AVAILABLE DATA START

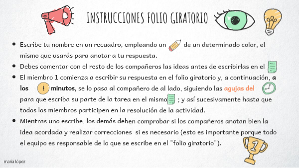 - El miembro 1 comienza a escribir su respuesta en el folio giratorio y, a continuación, a los minutos, se lo pasa al compañero de al lado, siguiendo las agujas del para que escriba su parte de la tarea en el mismo ; y así sucesivamente hasta que todos los miembros participen en la resolución de la actividad.
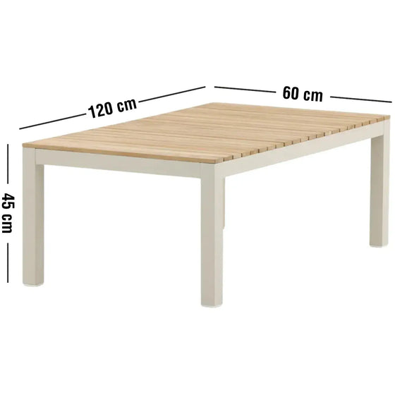 Brasillia-sofabordet den ultimative tilføjelse til din udendørs sofagruppe og giver dig en overflade at både nyde og blive nydt. Brasillia sofabordet er lavet af aluminium og teak, hvilket garanterer både holdbarhed og en tidløs æstetik. Aluminium giver bordet en let og rustbestandig struktur, der kan modstå alle vejrforhold, mens teaktræets naturlige skønhed og varme tilføjer et strejf af elegance til dit udendørsmiljø.
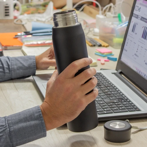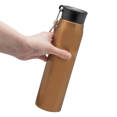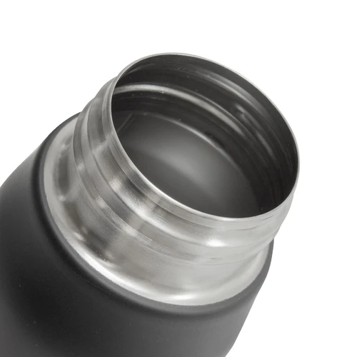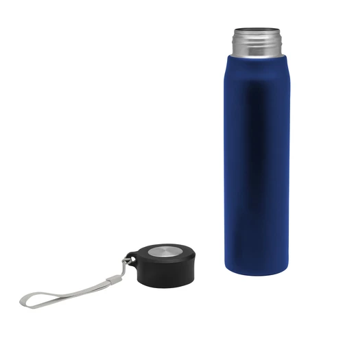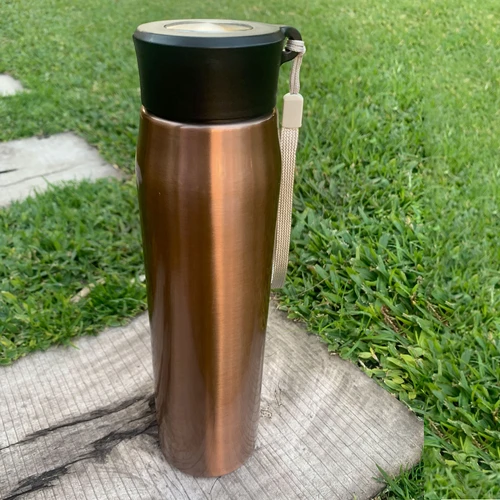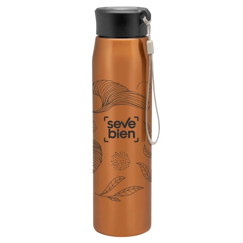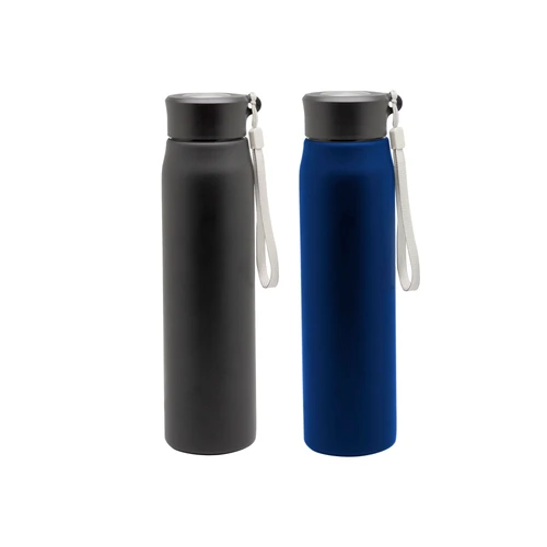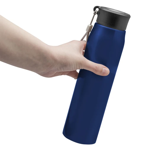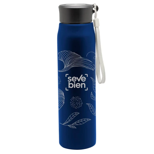Ø 6,5 x 25 cm. Capacidad 800ml. Acero inoxidable. Botella de acero inoxidable 304. Tapa combinada en plástico y acero inoxidable 201 con tira de color gris de 12 cm de largo. Ideal para llevarla a todos lados. Presentación en caja de regalo.
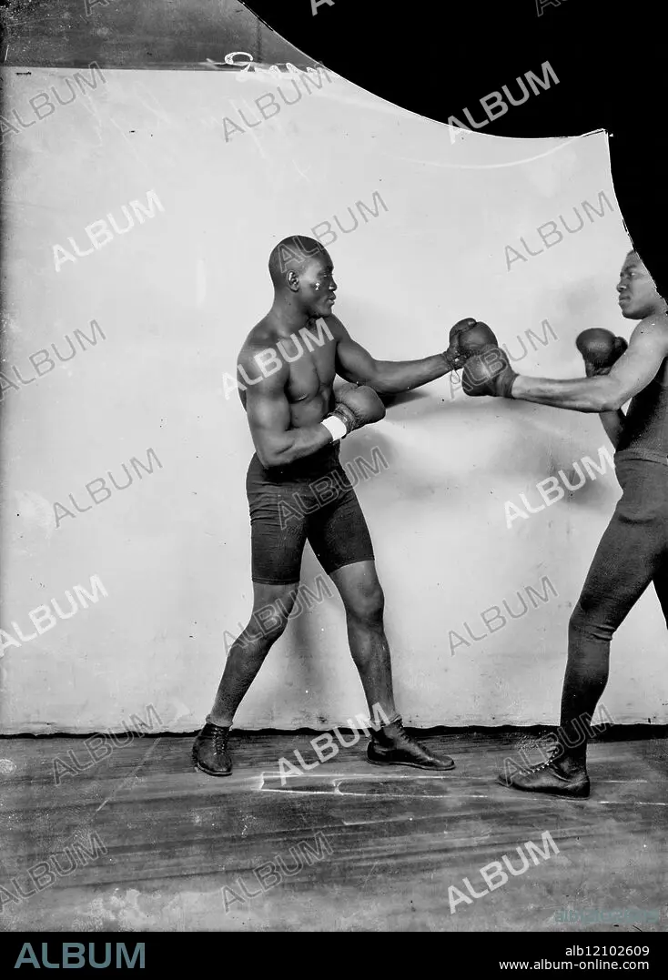 Caption: Boxer Jack Johnson in a fighting stance with an unidentified opponent in Chicago, Illinois, 1909.

AVAILABLE DATA END

■ THE TASK ■
Return the opening line of the data above and every line after it up to and including the line that holds "Brasillia-sofabordet den ultimative"; pictures stay out.

■ SOLUTION FOR THIS TASK ■
 - El miembro 1 comienza a escribir su respuesta en el folio giratorio y, a continuación, a los minutos, se lo pasa al compañero de al lado, siguiendo las agujas del para que escriba su parte de la tarea en el mismo ; y así sucesivamente hasta que todos los miembros participen en la resolución de la actividad.
 Brasillia-sofabordet den ultimative tilføjelse til din udendørs sofagruppe og giver dig en overflade at både nyde og blive nydt. Brasillia sofabordet er lavet af aluminium og teak, hvilket garanterer både holdbarhed og en tidløs æstetik. Aluminium giver bordet en let og rustbestandig struktur, der kan modstå alle vejrforhold, mens teaktræets naturlige skønhed og varme tilføjer et strejf af elegance til dit udendørsmiljø.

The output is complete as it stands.